Основным оппонентом Василева в спорах сегодня выступал Слава Дейнеко — светловолосый, голубоглазый крепыш, ездивший в «Ленинский» из Первомайского района. Славка слегка шепелявил, говорил короткими фразами и делал между ними чрезмерно длинные паузы. Его манера разговора неизменно вызывала улыбки на лицах слушателей — парня это нисколько не смущало. Я ещё в прошлой жизни заподозрил, что Славка «неровно дышал» к Кравец. Потому парень и не упускал возможности лишний раз заговорить о Лере. В известном мне варианте будущего на Кравец женился не Дейнеко, а Васильев. Не женился Вячеслав на Лере и после смерти Лежика: к тому времени он уже отбывал наказание в местах лишения свободы за преднамеренное убийство. Славу задержали через три дня после моего ранения и смерти Кругликова: Дейнеко сам явился в милицию с повинной после похорон Валеры.
Это он задушил стрелявшего в нас Рудика Веселовского — того самого парня, что в моём видении убил и рыжего Вовчика. Славка нашёл Весло раньше милиции, подстерёг его в подъезде… В смерти Валеры Кругликова Дейнеко винил себя: ведь это он нас отправил на ту встречу с октябрьскими. Ни Слава, ни мы не предполагали, что наша с Кругликовым «представительская» миссия завершится убийством Валеры и моим ранением. Она планировалась, как заурядная встреча. А завершилась дракой и стрельбой. В драке мы с Валерой легко одержали верх над Веслом и его приятелями. Немного поваляли тех по земле. Никто не ожидал, что из-за подобной ерунды Веселовский устроит в парке стрельбу и превратит рутинную потасовку в смертоубийство. Мне тогда повезло: сами же октябрьские не дали мне истечь кровью, вызвали скорую помощь. А вот Валеру Кругликова медики не спасли.

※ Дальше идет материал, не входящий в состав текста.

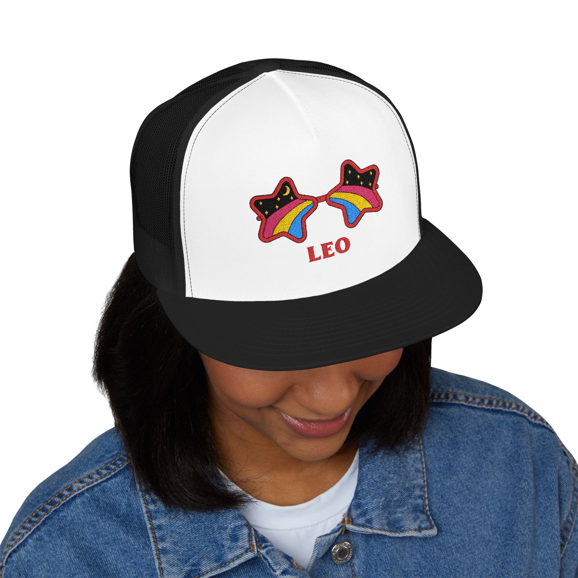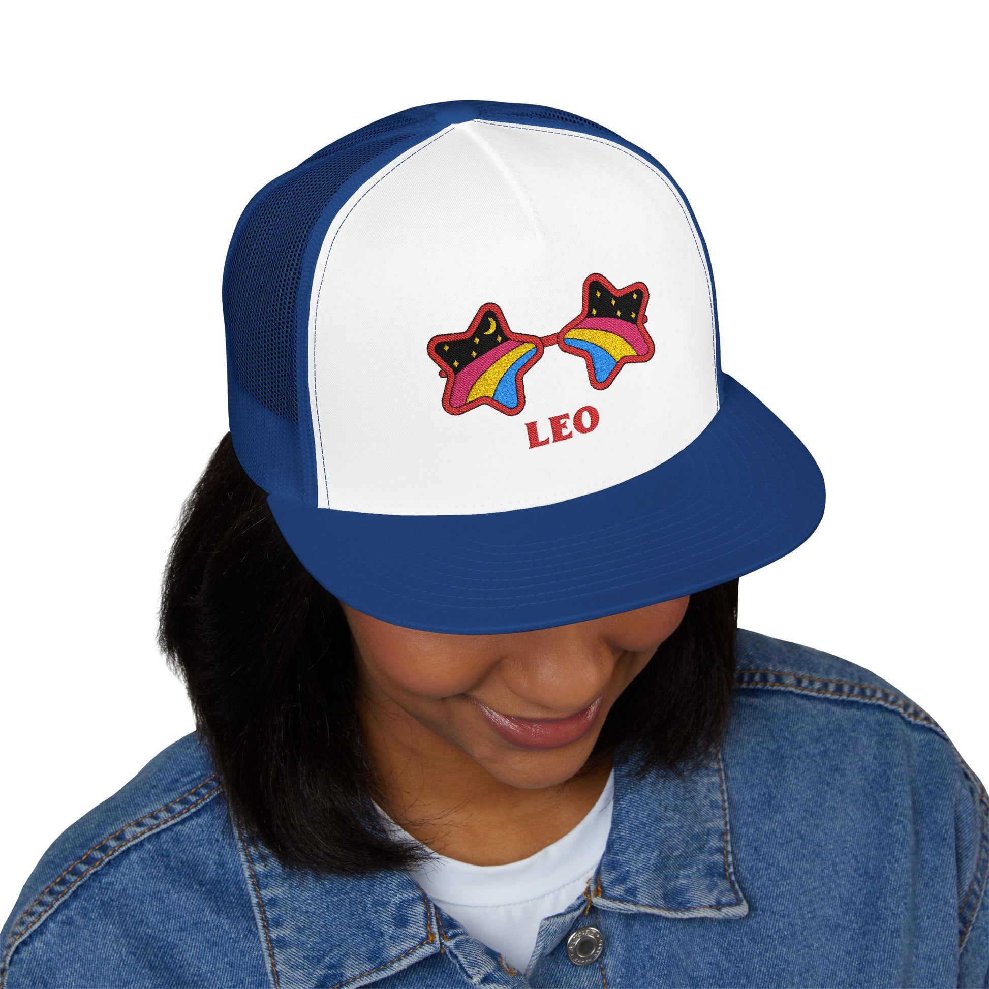 Show off your cosmic style with this Leo zodiac trucker hat, embroidered with retro rainbow star shades and bold lettering. Perfect for astrology lovers, zodiac birthday gifts, or everyday streetwear, this astrology cap blends retro trucker vibes with modern fashion.

В тот же день парни из бывшей «третьей» группы и примкнувшие к ним прочие воспитанники тренера Дениса Петровича Верховцева искали Весло по всему городу. Как говорила мне потом Лера Кравец, парни нещадно «пресовали» октябрьских — выпытывали у тех, куда подевался Веселовский. Октябрьские не выгораживали беспредельщика. В тот же день, когда погиб Валера, Рудольфа Веселовского «сдали» его же дружки — они «слили» его адрес Дейнеко. Славка ни с кем не поделился полученной информацией. Сам отправился к Веселовскому. Дома того не застал — дождался Рудольфа в подъезде. Без особого труда отобрал у того пистолет. И попросту взял Рудика на запрещённый в самбо удушающий приём. Он не выпустил Веселовского до тех пор, пока Весло не испустил дух. Об этом он мне рассказал сам, когда я навещал его в Сегежской исправительной колонии.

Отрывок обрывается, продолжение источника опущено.